EDNO of Venular Origin can Influence Arteriolar Diameter
These experiments were designed to test the hypothesis that endothelium-derived nitric oxide (EDNO) produced by a venule can relax arteriolar smooth muscle. To test this hypothesis, large first-order venules were isolated and cannulated in series with arterioles of similar order. The venules contained an intact endothelium whereas arterioles were denuded of endothelium by a physical rubbing technique. Denudation of the arteriole was confirmed by the absence of dilation during exposure to acetylcholine (Ach;10−6M). The vessels were pressurized to 30 cmH2O and preconstricted with norepinephrine (Ne; 10−10M). Arteriolar diameter increased as a function of perfusing the venule in the direction of the arteriole with either bradykinin (Bdk; 10−9M) or Ach (10−6M).
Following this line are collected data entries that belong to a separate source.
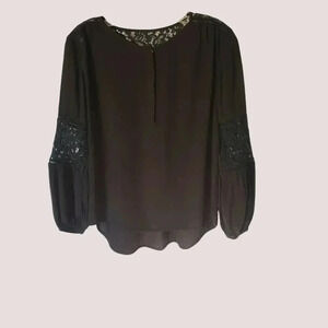 Achioowa top with lace insets at back yoke sleeve round neckline concealed half-placket button front relaxed silhoutte pullover style 100% viscose in excellent condition from smoke and pet free home
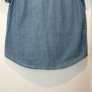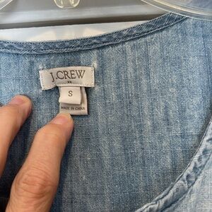 This J. Crew blouse features a stylish mandarin collar and cuffed sleeves, offering a sophisticated yet relaxed look. The top showcases a beautiful gradient effect in ombre blue, perfect for adding a touch of elegance to any casual outfit. Its loose, comfortable fit makes it an ideal choice for everyday wear.
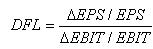 DFL=EBIT/(EBIT-I)=息税前利润/(息税前利润-债务年利息额)
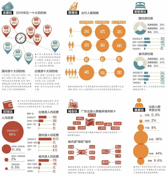 根据广东省旅游局的最新统计显示,今年五一期间,广东市民青睐周边游,而自驾游更是带旺了各地度假休闲市场。那么,今年五一广东市民的出行趋势具体有哪些特点呢?为此,南方都市报联合阿里旅行对广东人2016年五一出游行为趋势进行了调查和分析。
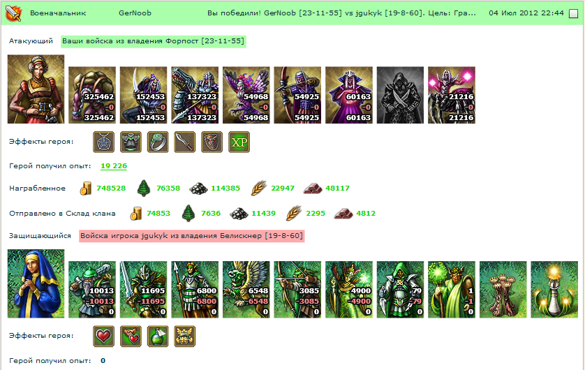 А вообще, лично у меня есть один простой критерий успешности лога - потери защиты должны превышать потери атаки без учета найма по причине кучи способов его быстрого набора.

In contrast, reversing the flow (i.e., arteriole to venule) produced a slight degree of arteriolar constriction to each of the agents. The release of venular EDNO was then inhibited with N G-monomethyl-Larginine (L-NMMA; 10−5M; 1 hr) followed by a reassessment of the arteriolar responses to Bdk and Ach. After treatment with L-NMMA the arteriolar dilations previously observed during Ach or Bdk with flow from venule to arteriole were abolished. The collective results of these experiments demonstrate that venular EDNO can relax arteriolar vascular smooth muscle, independent of an intact arteriolar endothelium. Future experiments will address the venular responses to changes in tissue metabolism which may influence the diameter of nearby arterioles via EDNO.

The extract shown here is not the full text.